__Exercise aim__.
If an entry holds a picture, skip the picture but copy everything else exactly.

__Data in this exercise__.
____________________

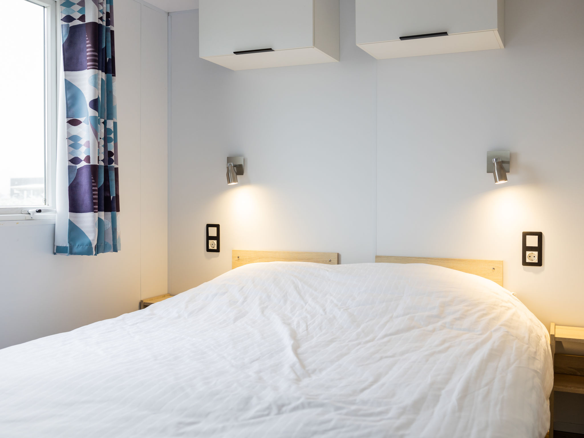 "4-persoons Hilda", 3-Zimmer-Mobilheim 27 m2. Komfortabel eingerichtet: Wohn-/Esszimmer mit Esstisch und Flachbildschirm. Ausgang zur Terrasse. 1 Zimmer mit 2 Betten. 1 Zimmer mit 1 Doppelbett (1 x 160 cm, Länge 190 cm). Offene Küche (4 Kochplatten, Geschirrspüler, Wasserkocher, Mikrowelle, elektrische Kaffeemaschine). Dusche, sep. WC. E-Heizung. Terrasse. Terrassenmöbel. Zur Verfügung: Internet (Wireless LAN, gratis). Bitte beachten: Nichtraucher-Unterkunft. 1 Haustier/Hund erlaubt.
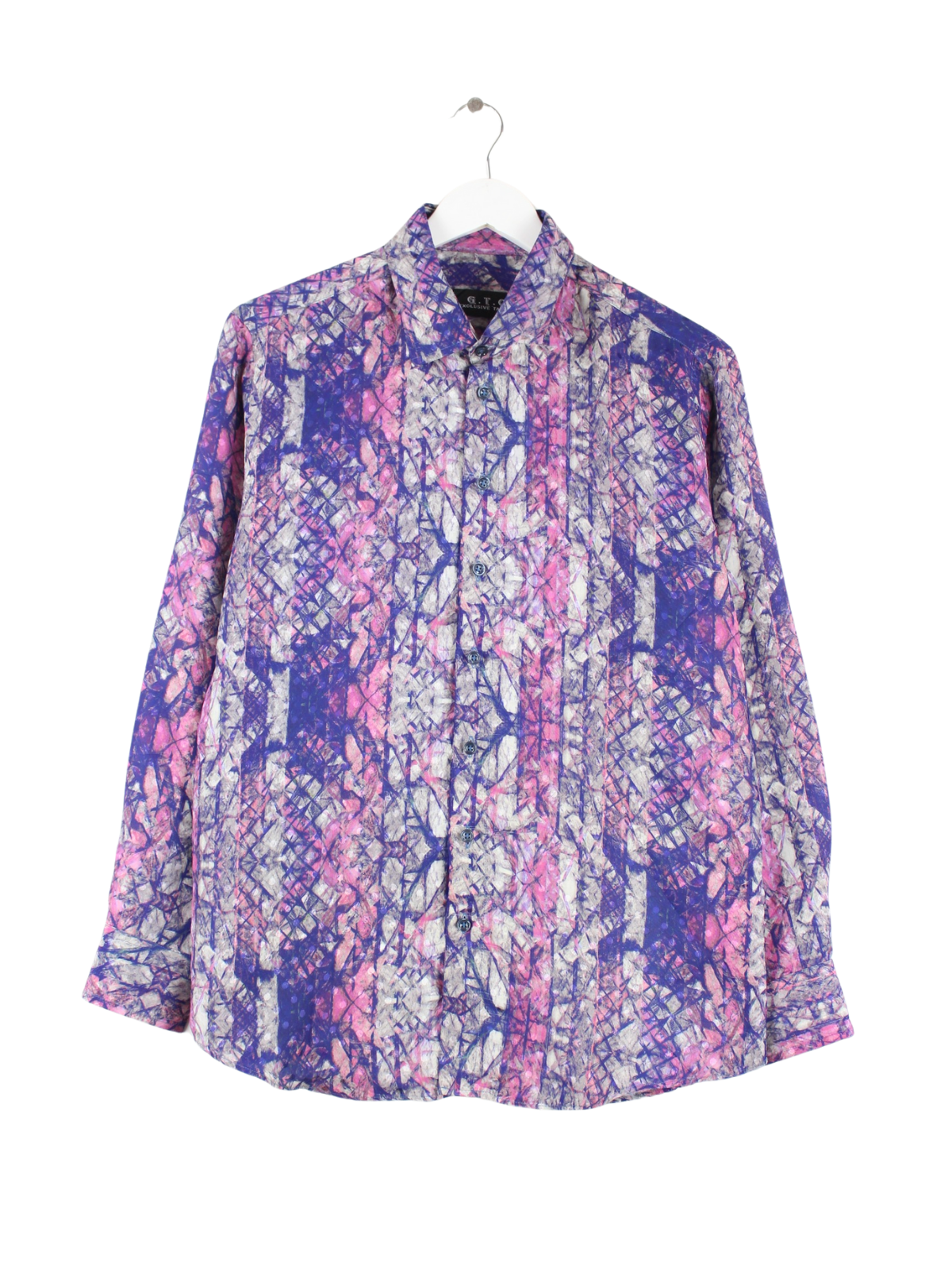 Lilafarbenes Vintage Freizeit Hemd in Größe XL. Es ist aus Synthetik gefertigt und in sehr gutem Zustand vorrätig.
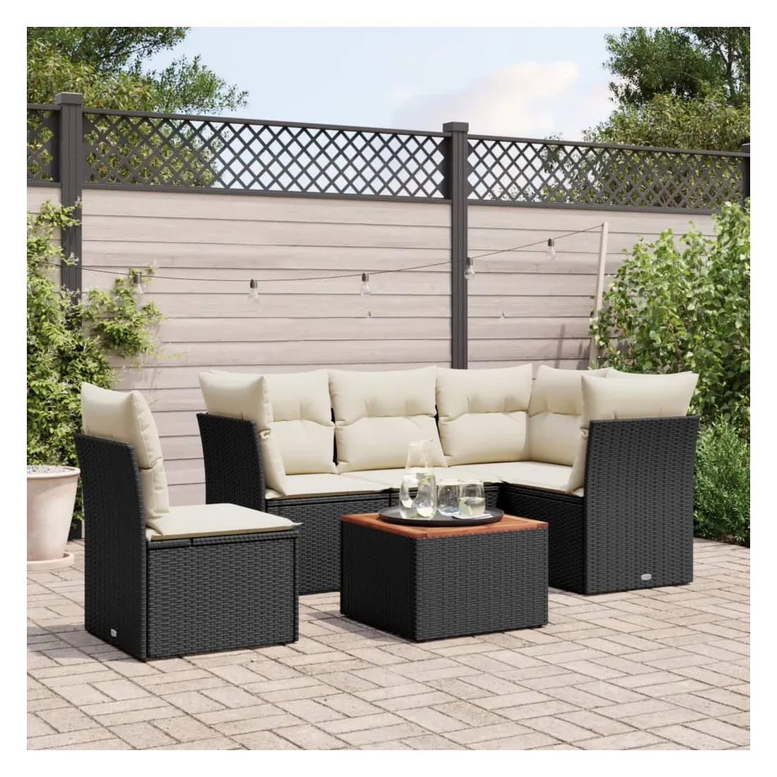 Salon de jardin 6 pcs avec coussins noir résine tressée
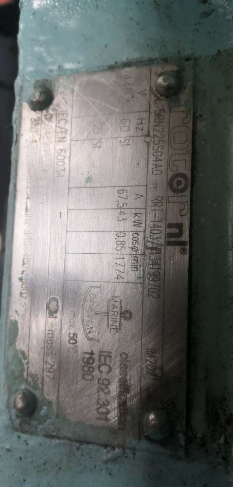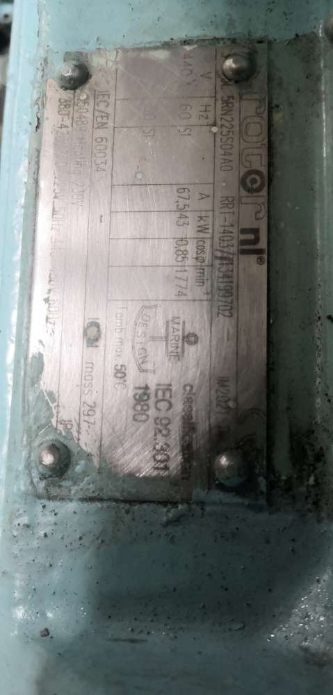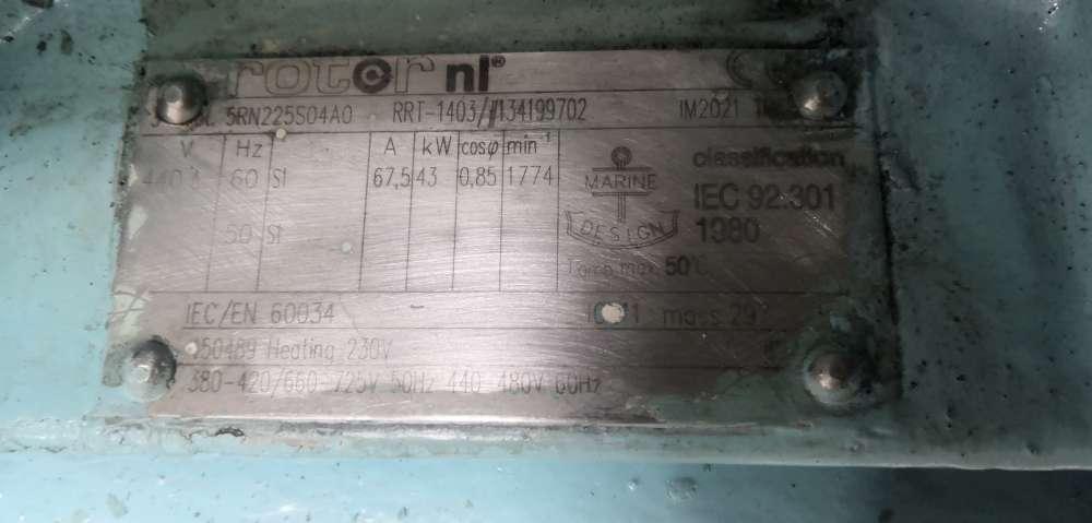MOTOR MAKER : ROTOR nLSR NO. 5RN225S04A0440V, 60Hz, 67.5 A, 43 KW, PF= 0.85, Rev=1774
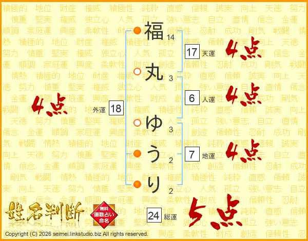 福(14画)丸(3画) ゆ(3画)う(2画)り(2画)
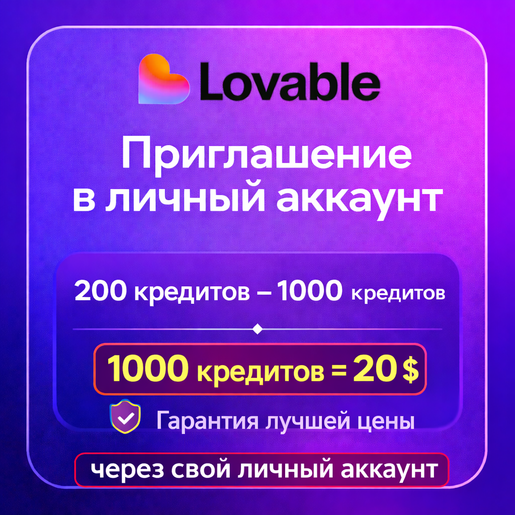 Lovable AI Credits – Приглашение в личный аккаунт (200-1000 кредитов)
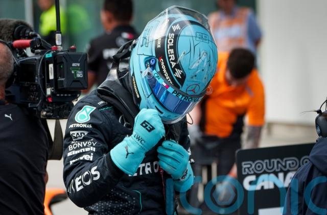 Pole-sitter Russell endured an incident-filled race but saw off team-mate Lewis Hamilton in the closing stages to claim Mercedes’ first podium of the season.
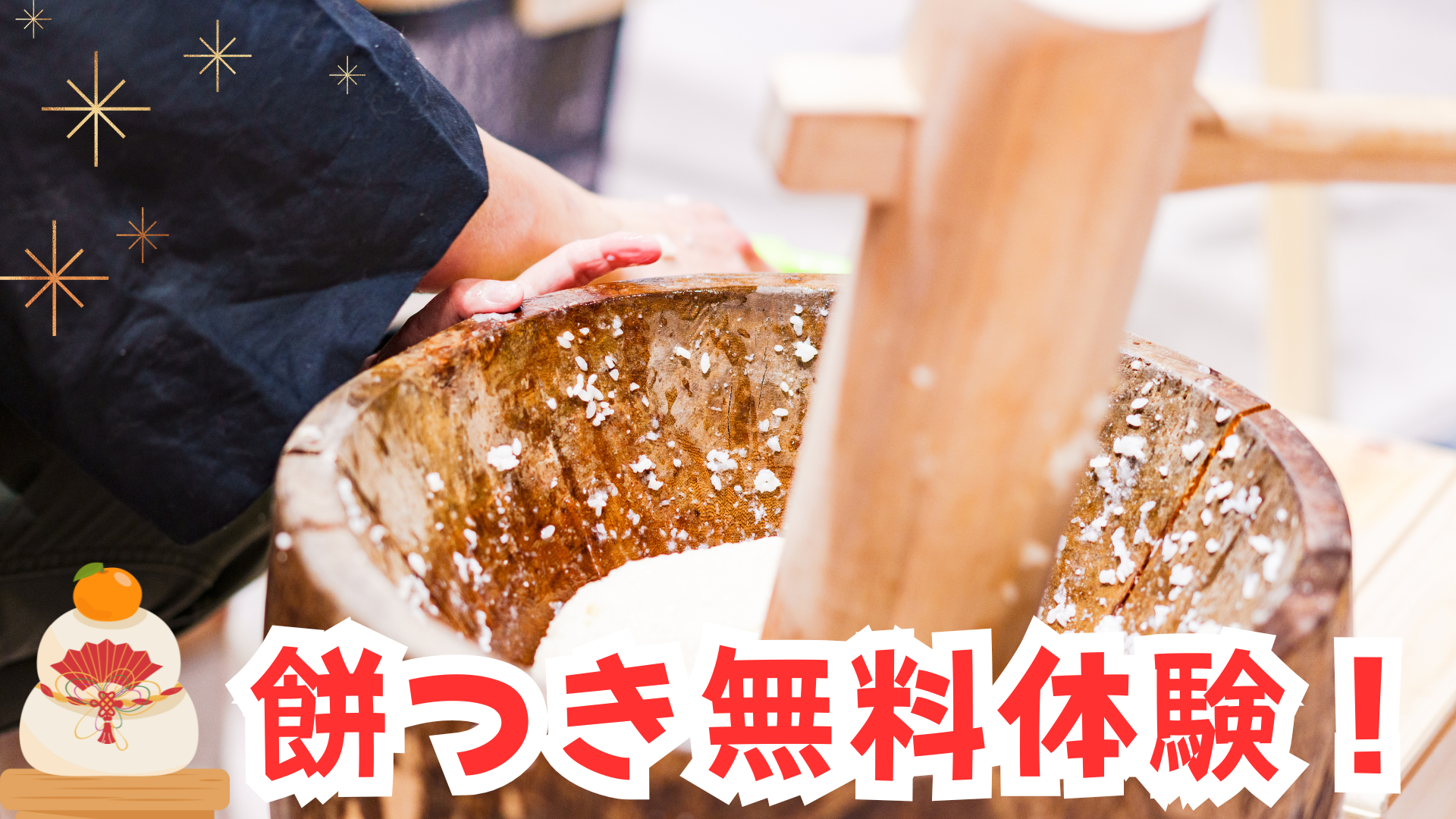 臼と杵を使った本格的な餅つき体験を無料で開催いたします。
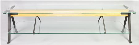 tavolino post-modernista con ripiano in cristallo temperato e struttura in metallo verniciato
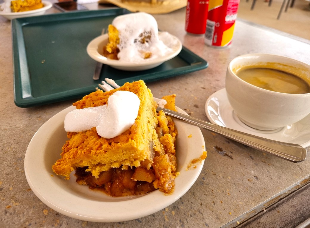 Platsen ger mig Vilda Västern-vibbar, med fotogeniska skrotbilar utplacerade som från tiden för bosättningens första år. Solitaires signaturrätt är den tyska äppelpajen, mäktig med äpplen, russin och grädde.
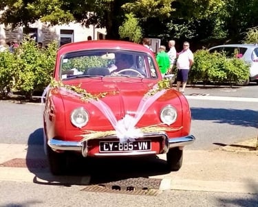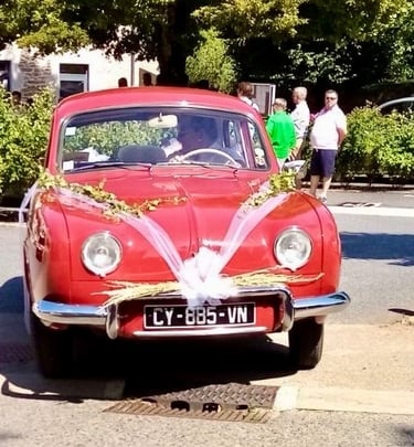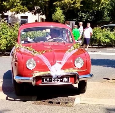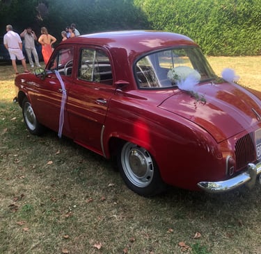 DAUPHINE RENAULT de couleur ROUGE assez rare pour l'époque, idéale pour un mariage
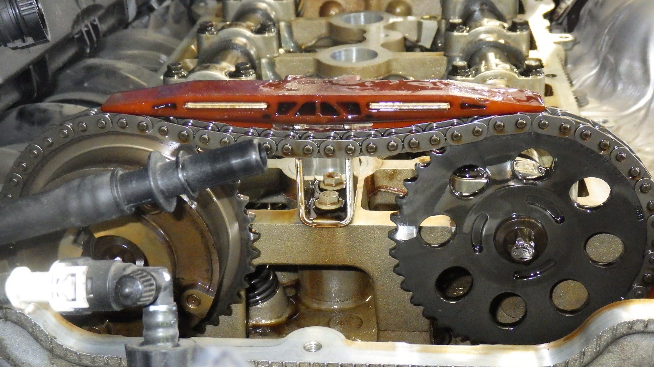 タペットカバーを取り外して、タイミングチェーンの状態です。
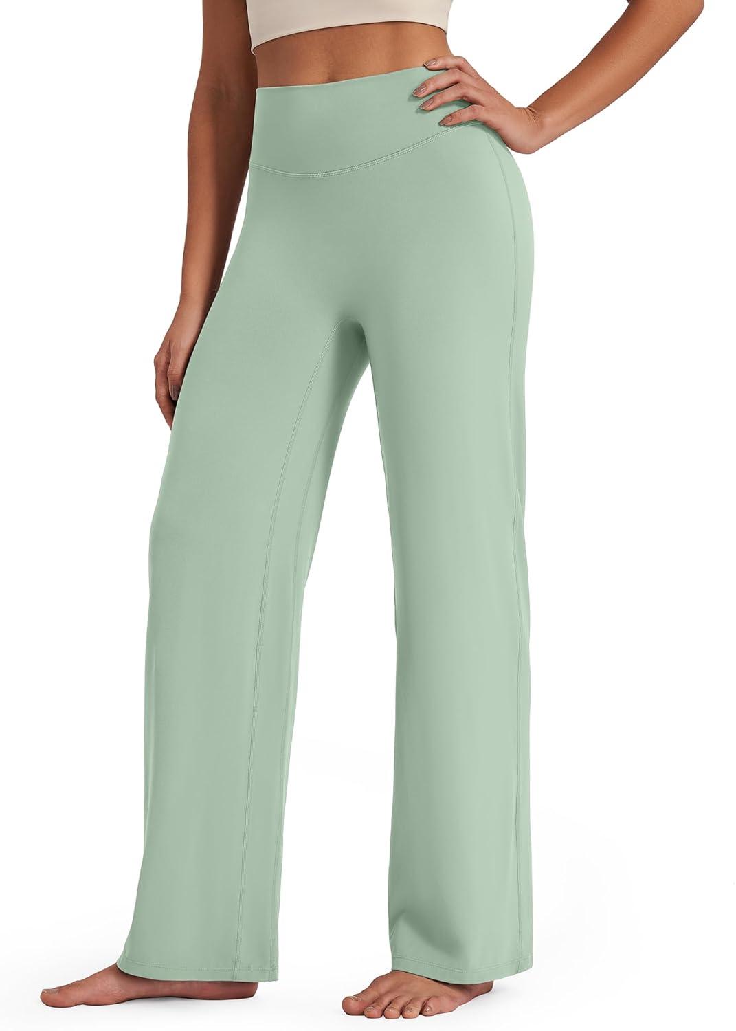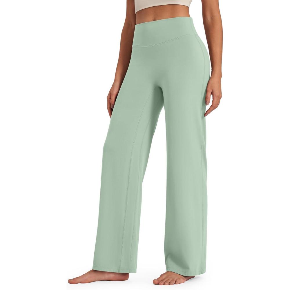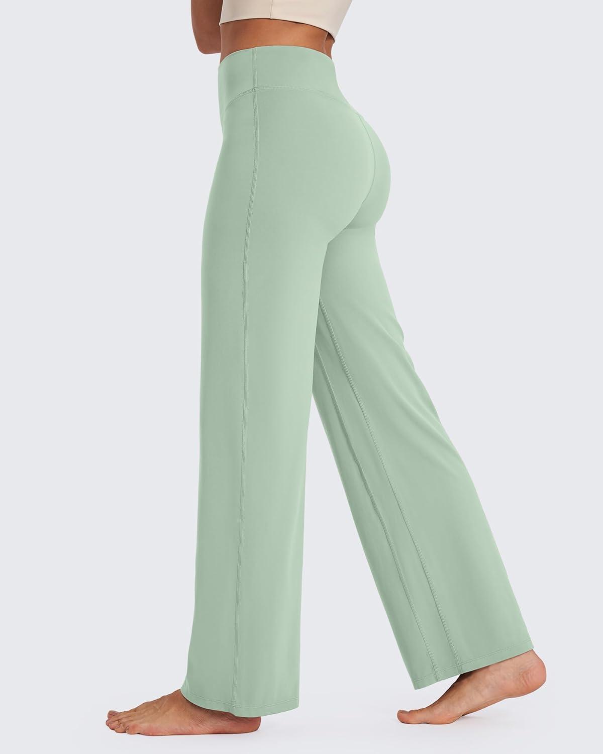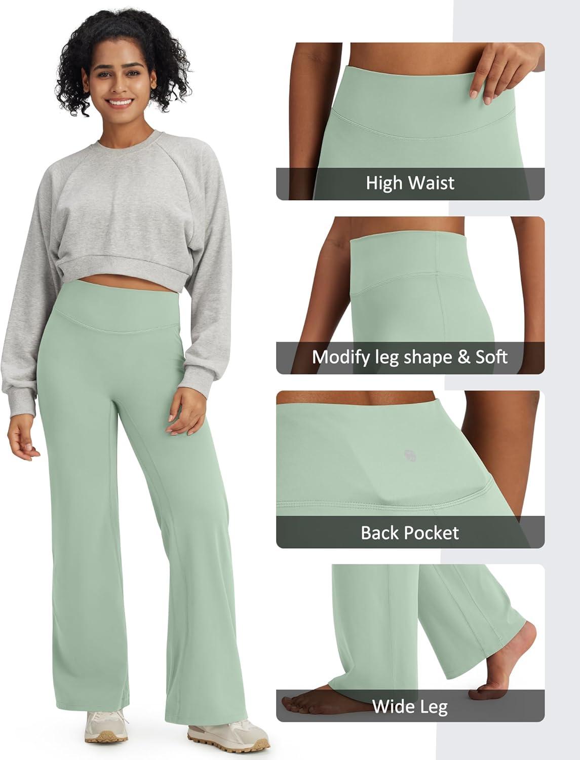 imageG4Free BareFeel No Front Seam Straight Leggings for Women High Waisted Wide Leg Yoga Pants 29quot31quot33quotBean Green

____________________

__Reply to the exercise__.
 "4-persoons Hilda", 3-Zimmer-Mobilheim 27 m2. Komfortabel eingerichtet: Wohn-/Esszimmer mit Esstisch und Flachbildschirm. Ausgang zur Terrasse. 1 Zimmer mit 2 Betten. 1 Zimmer mit 1 Doppelbett (1 x 160 cm, Länge 190 cm). Offene Küche (4 Kochplatten, Geschirrspüler, Wasserkocher, Mikrowelle, elektrische Kaffeemaschine). Dusche, sep. WC. E-Heizung. Terrasse. Terrassenmöbel. Zur Verfügung: Internet (Wireless LAN, gratis). Bitte beachten: Nichtraucher-Unterkunft. 1 Haustier/Hund erlaubt.
 Lilafarbenes Vintage Freizeit Hemd in Größe XL. Es ist aus Synthetik gefertigt und in sehr gutem Zustand vorrätig.
 Salon de jardin 6 pcs avec coussins noir résine tressée
MOTOR MAKER : ROTOR nLSR NO. 5RN225S04A0440V, 60Hz, 67.5 A, 43 KW, PF= 0.85, Rev=1774
 福(14画)丸(3画) ゆ(3画)う(2画)り(2画)
 Lovable AI Credits – Приглашение в личный аккаунт (200-1000 кредитов)
 Pole-sitter Russell endured an incident-filled race but saw off team-mate Lewis Hamilton in the closing stages to claim Mercedes’ first podium of the season.
 臼と杵を使った本格的な餅つき体験を無料で開催いたします。
 tavolino post-modernista con ripiano in cristallo temperato e struttura in metallo verniciato
 Platsen ger mig Vilda Västern-vibbar, med fotogeniska skrotbilar utplacerade som från tiden för bosättningens första år. Solitaires signaturrätt är den tyska äppelpajen, mäktig med äpplen, russin och grädde.
 DAUPHINE RENAULT de couleur ROUGE assez rare pour l'époque, idéale pour un mariage
 タペットカバーを取り外して、タイミングチェーンの状態です。
 imageG4Free BareFeel No Front Seam Straight Leggings for Women High Waisted Wide Leg Yoga Pants 29quot31quot33quotBean Green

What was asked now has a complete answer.